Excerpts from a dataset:
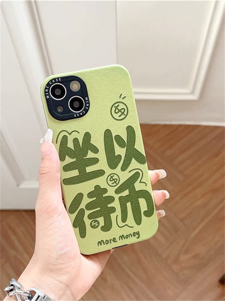 創意情侶男女款中國風皮紋綠色坐以待幣文字個性iPhone14ProMax手機殼適用12蘋果13全包邊鏡頭防摔保護套新品
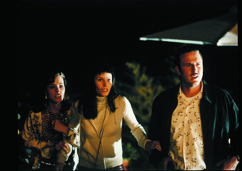 Schon bald erkennt Journalistin Gale Weathers (Courteney Cox, l.), dass ihre Ex-Flamme Deputy Dewey Riley (David Arquette, r.) einen heißen Flirt mit der Schauspielerin Jennifer Jolie (Parker Posey, M.) pflegt, ausgerechnet mit der Schauspielerin, die Gale in allen drei STAB-Filmen verkörpert ...
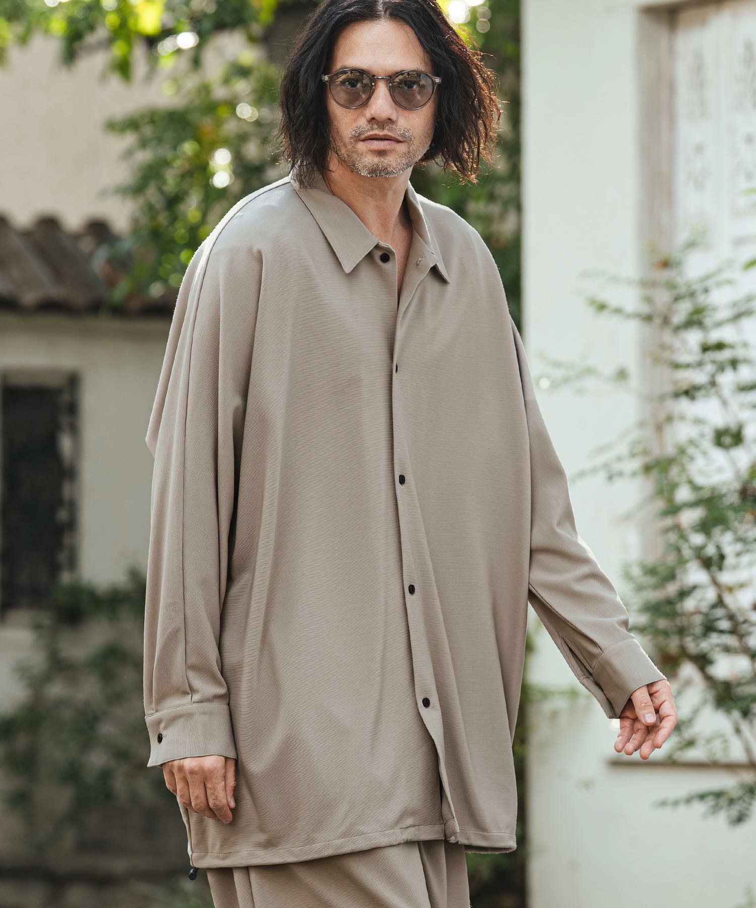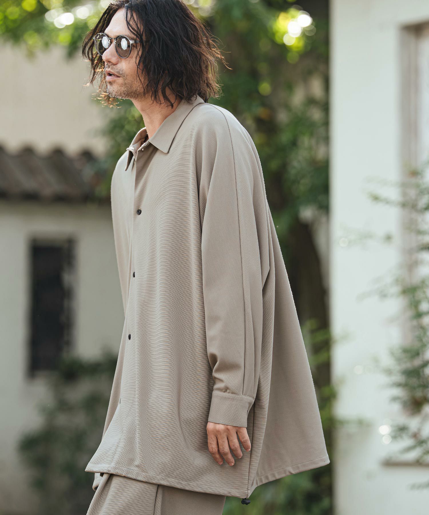 アームホールのないドルマンスリーブを採用した、ゆったりとしたシルエットで、肩のラインを落とした設計と素材の柔らかさが、コクーン調のフォルムと自然なドレープを生み出します。
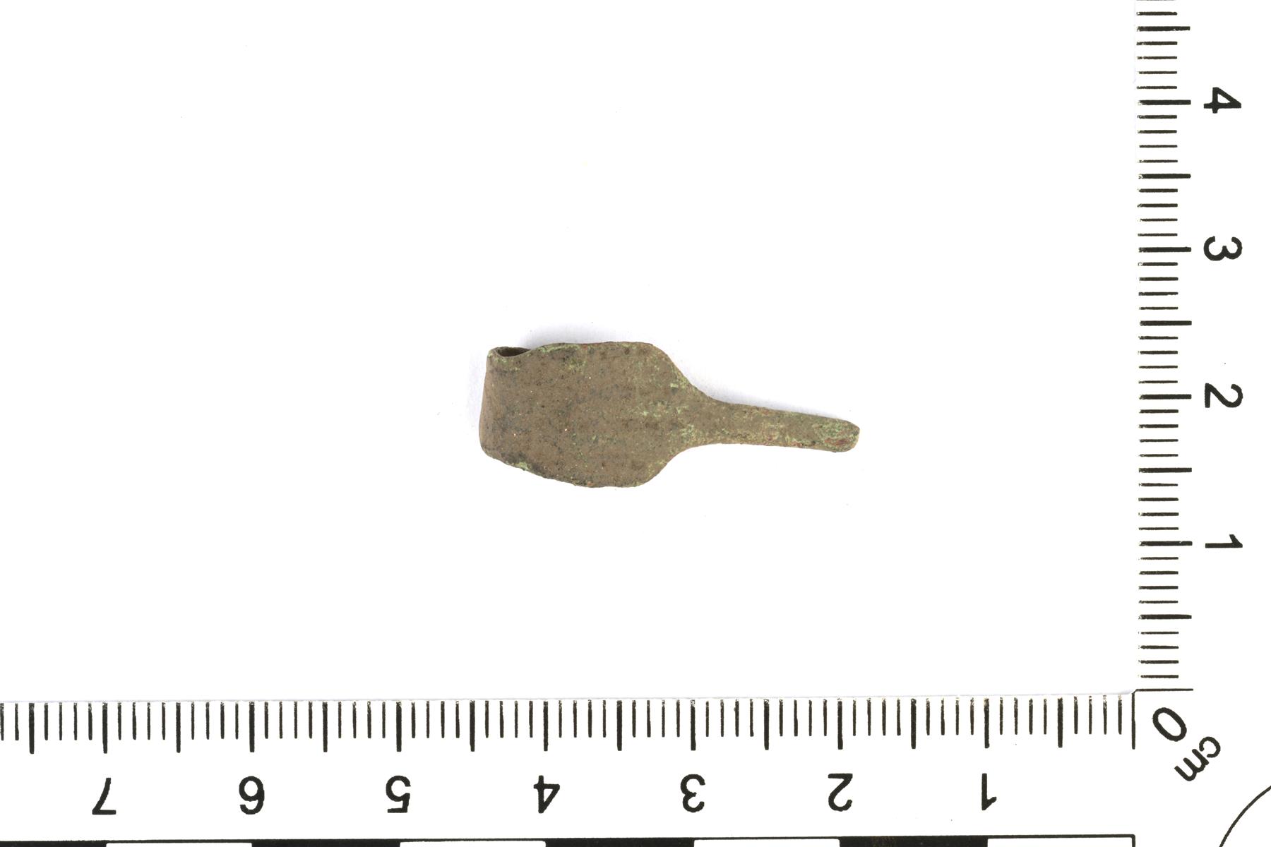 | Hevosenkenkäsoljen neulan katkelma. Tyviosa on levymäinen ja koristeltu viivauurteilla. | |
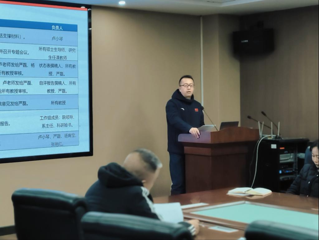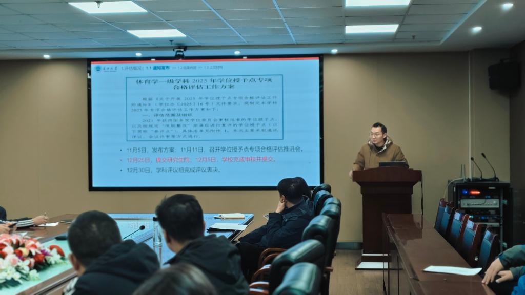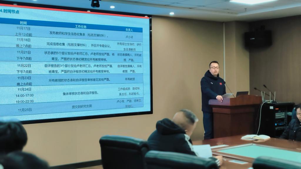会上,院长助理严磊博士围绕评估指标体系,结合体育学学科发展实际,对前期评估筹备工作进行了全面细致的总结分析,对下一步推进工作进行任务分工。他从材料梳理、师资建设、教学改革、特色凝练等关键环节入手,明确了各工作小组的具体任务与时间节点,要求全体参会人员对照任务清单,压实工作责任,确保每项工作落地见效、有据可查。杨青宝副院长就评估材料准备、数据填报的相关注意事项作了说明。

What to produce:
Extract only the lines from the line containing "Schon bald erkennt" through the final line of the records; keep both ends and drop every picture.

Reply to the task:
 Schon bald erkennt Journalistin Gale Weathers (Courteney Cox, l.), dass ihre Ex-Flamme Deputy Dewey Riley (David Arquette, r.) einen heißen Flirt mit der Schauspielerin Jennifer Jolie (Parker Posey, M.) pflegt, ausgerechnet mit der Schauspielerin, die Gale in allen drei STAB-Filmen verkörpert ...
 アームホールのないドルマンスリーブを採用した、ゆったりとしたシルエットで、肩のラインを落とした設計と素材の柔らかさが、コクーン調のフォルムと自然なドレープを生み出します。
 | Hevosenkenkäsoljen neulan katkelma. Tyviosa on levymäinen ja koristeltu viivauurteilla. | |
会上,院长助理严磊博士围绕评估指标体系,结合体育学学科发展实际,对前期评估筹备工作进行了全面细致的总结分析,对下一步推进工作进行任务分工。他从材料梳理、师资建设、教学改革、特色凝练等关键环节入手,明确了各工作小组的具体任务与时间节点,要求全体参会人员对照任务清单,压实工作责任,确保每项工作落地见效、有据可查。杨青宝副院长就评估材料准备、数据填报的相关注意事项作了说明。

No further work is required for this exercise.